The Rogue Agent: As the agent copies state (this time using the CLI tool after you yell at it enough), it lists keys in batches; each key corresponds to some user of your application. Someone decided to pick the user name “delete-everything”. Of course, you are using the latest model which is always resistant to prompt injections. Almost always.

The Stupid Agent: You do everything right. There are no prompt injections in your state. You wall off FooBarDB and force the agent to use the CLI tool. The model decides to delight you by generating an unusual and interesting sequence of tokens that will optimally save storage space for you, translating to a lambda that deletes your production data entirely.

One response to these difficult failure modes might be: wait until the next model. Maybe a smarter model will never delete all of your production data, or implement a slow locking protocol. But even the smartest model is subject to the four horsemen of the distributed apocalypse: asynchrony, crashes, concurrency, and network partitions.

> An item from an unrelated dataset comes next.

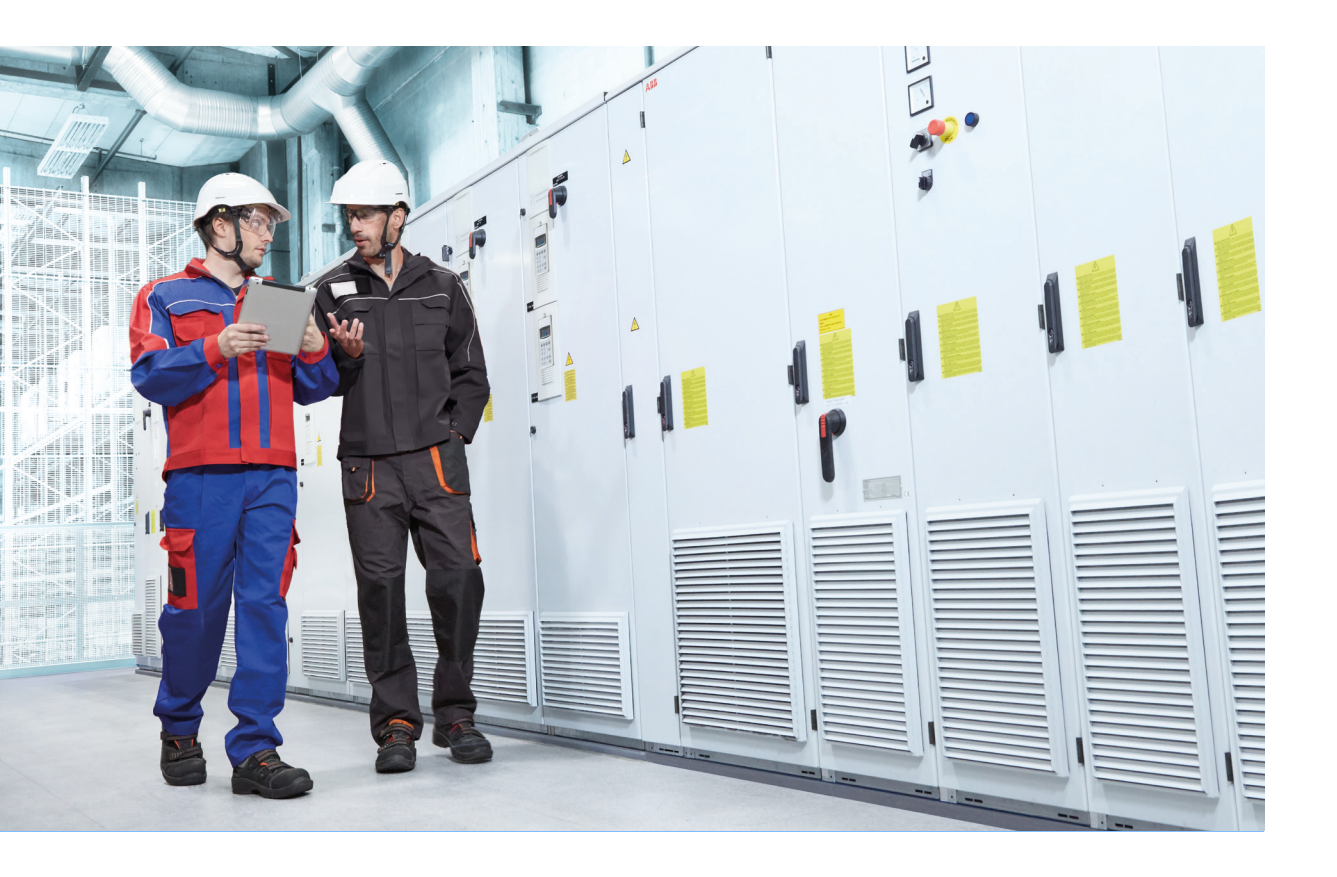
ABB DRIVE SERVICES

In recent work called LogAct, my colleagues and I take a first step towards solving this problem. We go back to the difference between vibe coding and vibe engineering: git is transactional, infrastructure is not. How do we make infra more transactional, like git? We propose that an agent should be a deconstructed state machine on a shared log, borrowing ideas from distributed systems (State Machine Replication, Byzantine Fault-Tolerance) and databases (Atomic Commit, Write-Ahead Logging). LogAct can stop unsafe actions before they happen (by collecting votes on the shared log); recover from crashed actions (using the shared log as a WAL); and provide an audit trail for actions after they complete.

But this is just one step. A self-writing program is a strange, astonishing, and novel creature; making it reliable will require innovation in every branch of Computer Science!